Eleven o'clock. Eleven in the fucking morning? He hadn't slept past nine in years. He had a distorted memory of having dropped off to sleep around five-thirty. His neck and head felt as if Fritz von Chaingang had held him in an iron claw all night long. He felt like hammered shit. He got up, sat back down, and tried to think.

Meara got up again, with some effort, and looked out the window. Judas! It was raining. He flung clothes on, pulled hip boots on, and topped the ensemble with a poncho, hurrying outside and slogging down the road to the boat. It was a short walk, as the water had pushed further in, and he was relieved he'd pulled the boat up thirty feet into the drain ditch. It was already sitting anchored out in the backwater, and by that evening he'd have to come in through the woods and tie up in the field behind the house. Thank God his folks had built on a high knoll.

It was the richest kind of bottom land one found in the Bootheel, but it could be costly to farm there. Backwater alone could push in during wetter years, leaving in its postdiluvian wake a stinking mudhole covered in water-logged trees. Even if they didn't blow the levee, this much water already meant Meara would spend a butt-kicking month hauling logs, picking up chunks, and doing the hard manual labor that would be necessary to farm in the flood's nasty aftermath.

Ray was not one to complain or give in to illnesses. He thought most people ran to the doctor for the least little thing, and he believed a man could will himself to stay well. When he felt bad he'd toss back a straight shot, chase it with a big glass of cold orange juice, gobble a few aspirin, and drive on. This was something else. He was sick as a dog, so much so that it was overpowering his efforts to reclaim the boat, and he shook it off as best he could.

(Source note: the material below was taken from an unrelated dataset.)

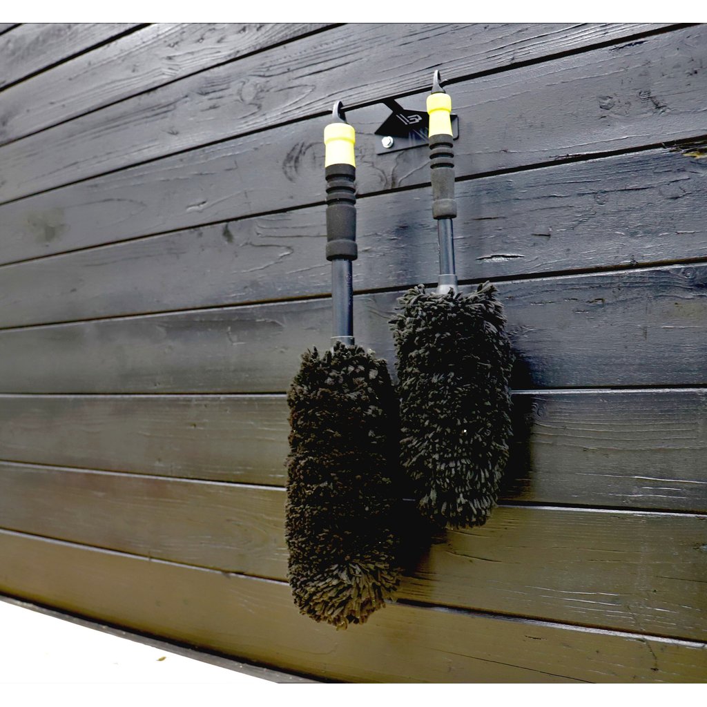 Manche ergonomique de haute qualité pour deux brosses. Développé pour une utilisation efficace de l'espace de travail. Le support est en acier de 1,5 mm et pèse jusqu'à 0,5 kg. Les crochets étroits s'adapteront à la plupart des trous du manche de la brosse. La longueur du crochet est de 6,5 cm, de sorte que même les grandes brosses ne touchent pas le mur.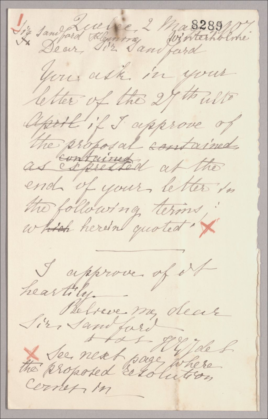 Brouillon de lettre de Henri-Gustave Joly à Sandford Fleming, 2 mai 1907, Archives nationales à Québec, Fonds Famille Joly de Lotbinière, (03Q,P351,S4,SS1,P8289).

The boat was completely full of rainwater. He tried to start bailing with the milk jug but gave up. Too much water and he was in too deep to tip it, so he untied the boat and turned to pull it back out of the water but lost his footing and stepped off into the ditch, plunging down into icy water, the mud seizing his hip boot and damn near drowning him before he could get himself unencumbered. He was beyond swearing. A quiet, slow anger was starting to build inside.

He got the boots off, tried to clean out what mud he could, gave up, and jammed them back on, sitting in the middle of the road, drenched, shivering in the rain, finally emptying the water from the boat and getting in. He got it pushed off at last and started the motor, easing the boat out the drain canal past the large oak trees and into the rainy chop.